Cornell study links cranial shape and body weight to syringomyelia risk
A new Cornell study finds that miniaturization reshapes the canine skull rather than simply scaling it down, with rounder crania clustering in breeds predisposed to syringomyelia.
A new retrospective study from Cornell University's College of Veterinary Medicine reports that as dogs are bred smaller, their skulls change shape rather than simply scaling down. As a result, the breeds prone to those changes overlap substantially with breeds predisposed to syringomyelia, a painful spinal cord condition.
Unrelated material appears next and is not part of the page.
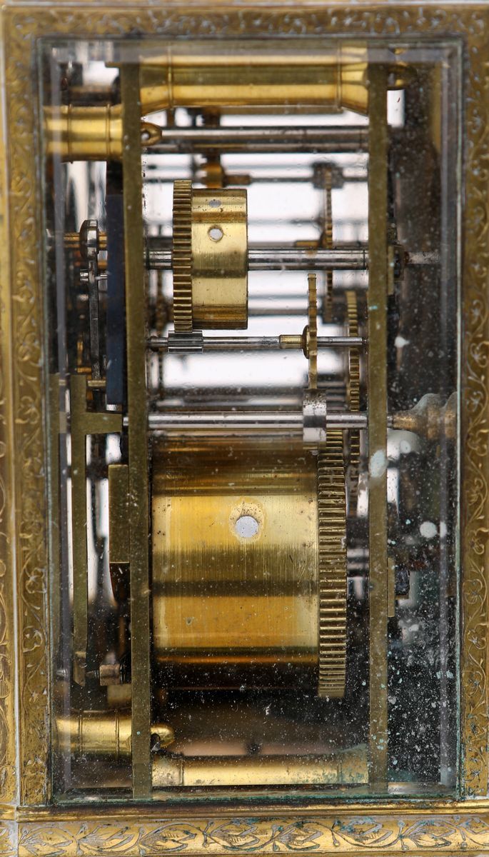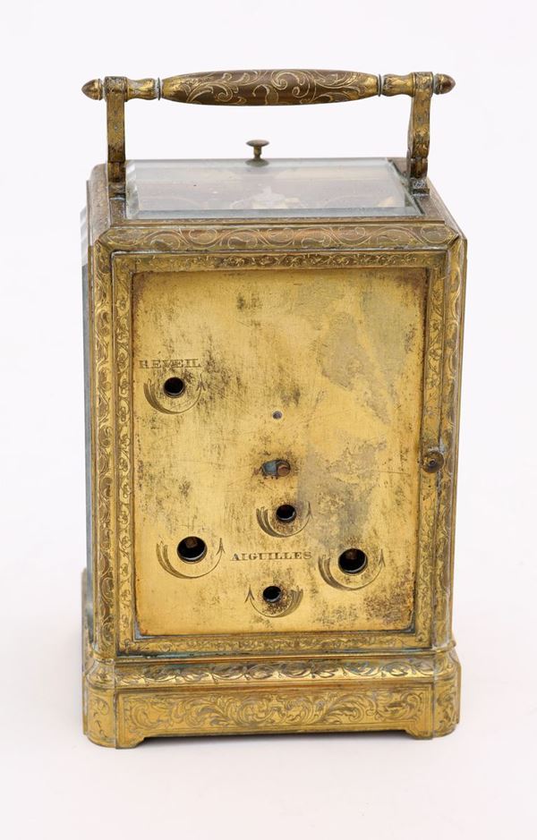 con cristallo su i quattro lati e nella parte superiore; quadrante a numeri romani; chiave di carica custodita all'interno. Firmato sul quadrante: J. F. Bautte & Cie à Geneve

The study, "Miniaturization in Domestic Dogs: Relationships Among Cranial Shape, Head Indexes, and Body Weight," published in a recent issue of the journal Veterinary Radiology & Ultrasound.1
"We wanted to better characterize what happens to skull shape when you shrink dogs down, so we don't misdiagnose normal findings as pathologic processes," said Peter V. Scrivani, DVM, ACVR, professor of clinical sciences at Cornell and the study's corresponding author.2
Skull shape scales allometrically, not isometrically
The researchers identified the medical records of 852 dogs of varying breeds who had received CT scans of their heads at CVM and did not have a known cranial disease. Study co-author Ian Porter, DVM, former resident at CVM who is now associate clinical professor of diagnostic imaging, performed a quantitative analysis of those images, calculating a set of head indices from the widths and lengths of the skull, cranium, and face.2
The team examined how body weight—used as a proxy for miniaturization—related to cranial shape, sorting dogs into categories ranging from archetypal to extreme round, and to three quantitative measures: the cranial index, skull index, and facial index. Dogs were also stratified into two groups: those of breeds predisposed to syringomyelia and those of breeds not considered at risk.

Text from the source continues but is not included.